§ **HOW TO COMPLETE THIS TASK**: Give again the line that contains "Weave Scope与Docker、Kubernetes、分布式云操作系统(DC/OS)和AWS Elastic", plus every line after it to the end of the records, unchanged.

#####

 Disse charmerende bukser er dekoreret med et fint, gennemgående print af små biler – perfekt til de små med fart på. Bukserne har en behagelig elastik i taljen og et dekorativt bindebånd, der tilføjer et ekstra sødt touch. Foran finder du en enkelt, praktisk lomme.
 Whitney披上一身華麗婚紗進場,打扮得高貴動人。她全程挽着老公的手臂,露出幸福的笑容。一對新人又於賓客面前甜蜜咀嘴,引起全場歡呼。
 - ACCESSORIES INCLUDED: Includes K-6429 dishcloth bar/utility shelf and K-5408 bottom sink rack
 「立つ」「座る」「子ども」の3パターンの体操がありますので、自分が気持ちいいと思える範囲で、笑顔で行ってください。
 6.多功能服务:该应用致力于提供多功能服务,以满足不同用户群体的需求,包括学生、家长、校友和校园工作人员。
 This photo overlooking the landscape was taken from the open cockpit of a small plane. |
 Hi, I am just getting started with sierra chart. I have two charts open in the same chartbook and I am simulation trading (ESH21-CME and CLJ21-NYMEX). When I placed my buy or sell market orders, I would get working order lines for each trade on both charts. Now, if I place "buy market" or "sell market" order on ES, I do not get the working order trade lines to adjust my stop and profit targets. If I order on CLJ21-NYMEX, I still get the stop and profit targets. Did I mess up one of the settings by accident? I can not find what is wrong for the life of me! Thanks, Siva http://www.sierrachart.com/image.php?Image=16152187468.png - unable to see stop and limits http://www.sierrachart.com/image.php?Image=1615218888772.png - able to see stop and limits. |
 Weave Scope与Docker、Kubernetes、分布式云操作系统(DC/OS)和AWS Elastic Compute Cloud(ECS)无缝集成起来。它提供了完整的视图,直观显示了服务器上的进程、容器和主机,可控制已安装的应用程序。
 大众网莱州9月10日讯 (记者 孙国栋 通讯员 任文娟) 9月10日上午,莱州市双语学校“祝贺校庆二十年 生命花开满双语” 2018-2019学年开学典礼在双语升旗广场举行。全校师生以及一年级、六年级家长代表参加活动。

#####

§ **OUTPUT FOR THIS TASK**:
 Weave Scope与Docker、Kubernetes、分布式云操作系统(DC/OS)和AWS Elastic Compute Cloud(ECS)无缝集成起来。它提供了完整的视图,直观显示了服务器上的进程、容器和主机,可控制已安装的应用程序。
 大众网莱州9月10日讯 (记者 孙国栋 通讯员 任文娟) 9月10日上午,莱州市双语学校“祝贺校庆二十年 生命花开满双语” 2018-2019学年开学典礼在双语升旗广场举行。全校师生以及一年级、六年级家长代表参加活动。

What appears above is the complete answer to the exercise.